Image normalization can be a critical step to help correct for scanner and exam variation in aquisition, especially for MRI images.

### **Normalize your images**
This normalization is being performed over the entire imaged volume for each series. An alternate approach would be to normalize based on pixels within a region of interest.




In [None]:
# Define function for normalization
def normalize_equalize(t2):
    p1, p2 = np.percentile(t2[t2 != 0], (0.1, 99.9))
    t2_rescale = exposure.rescale_intensity(t2, in_range=(p1, p2), out_range=(0, 1))
    t2_rescale_equalize = exposure.equalize_hist(t2_rescale)
    return t2_rescale_equalize


# Normalize each series
data_t2_norm = normalize_equalize(data_t2)
data_adc_norm = normalize_equalize(data_adc)
data_dwi_norm = normalize_equalize(data_dwi)

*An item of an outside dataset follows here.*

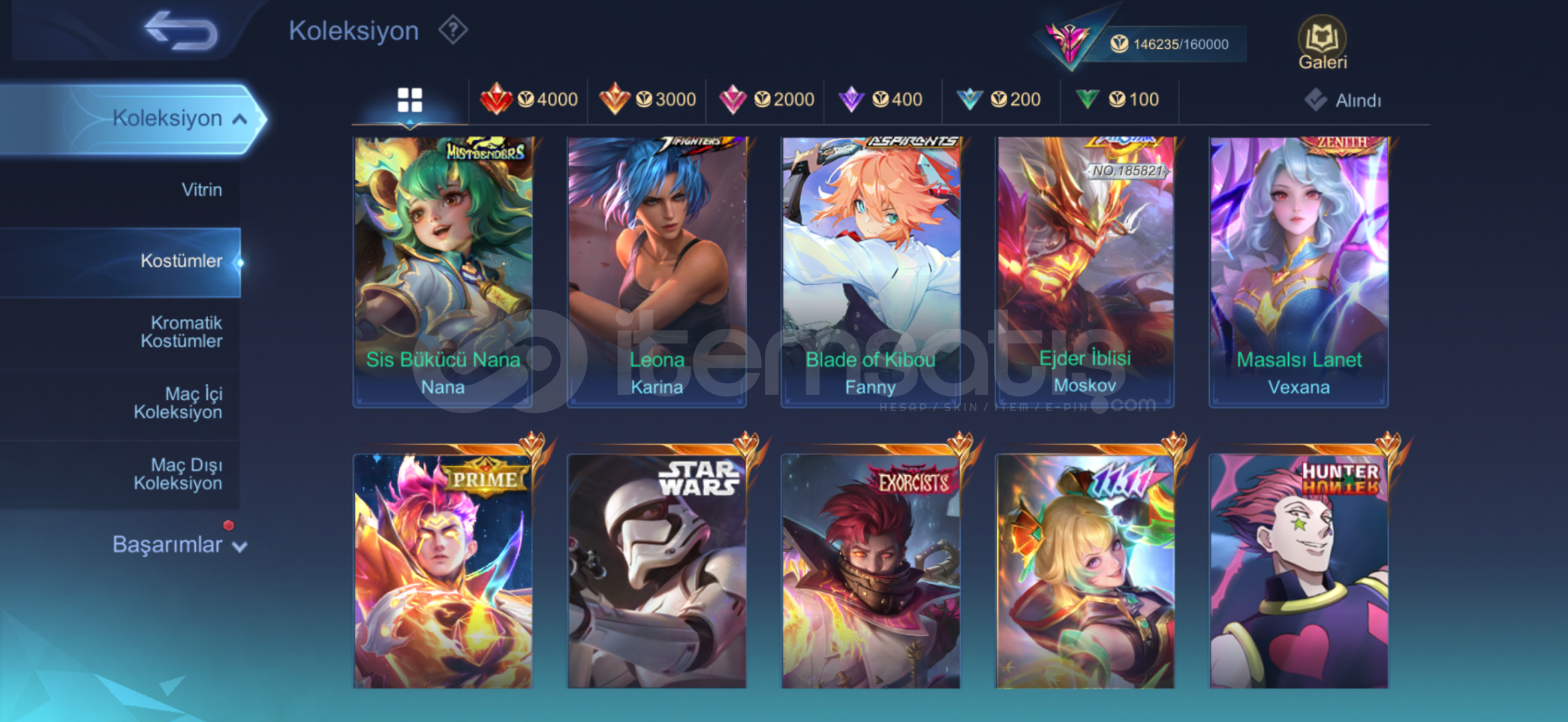 Bilgiler :Saygın kolleksyonerdir hesapta 395 köstüm mevcutturdeğerli köstümleri mevcuttur naruto vs gibi kostumleri var....

### **Visualize the normalized images**

In [None]:
# plot image
fig, axes = plt.subplots(ncols=4, nrows=1, figsize=(36, 24), sharex=True, sharey=True)
ax0 = axes[0]
ax1 = axes[1]
ax2 = axes[2]
ax3 = axes[3]
ax0.imshow(data_t2_norm[:, :, 12], cmap="gray")
ax0.set_title("T2")
ax1.imshow(data_adc_norm[:, :, 12], cmap="gray")
ax1.set_title("ADC")
ax2.imshow(data_dwi_norm[:, :, 12], cmap="gray")
ax2.set_title("DWI")
ax3.imshow(data_lesion[:, :, 12], cmap="Blues", alpha=0.5)
ax3.set_title("Lesion")
plt.tight_layout()
plt.rcParams.update({"font.size": 40})

## **Free text report processing**

Oftentimes, valuable information for ground truth will need to be processed from free text reports. For this demonstration, the prostate lesion that we annotated needs to be linked to results from a biopsy report.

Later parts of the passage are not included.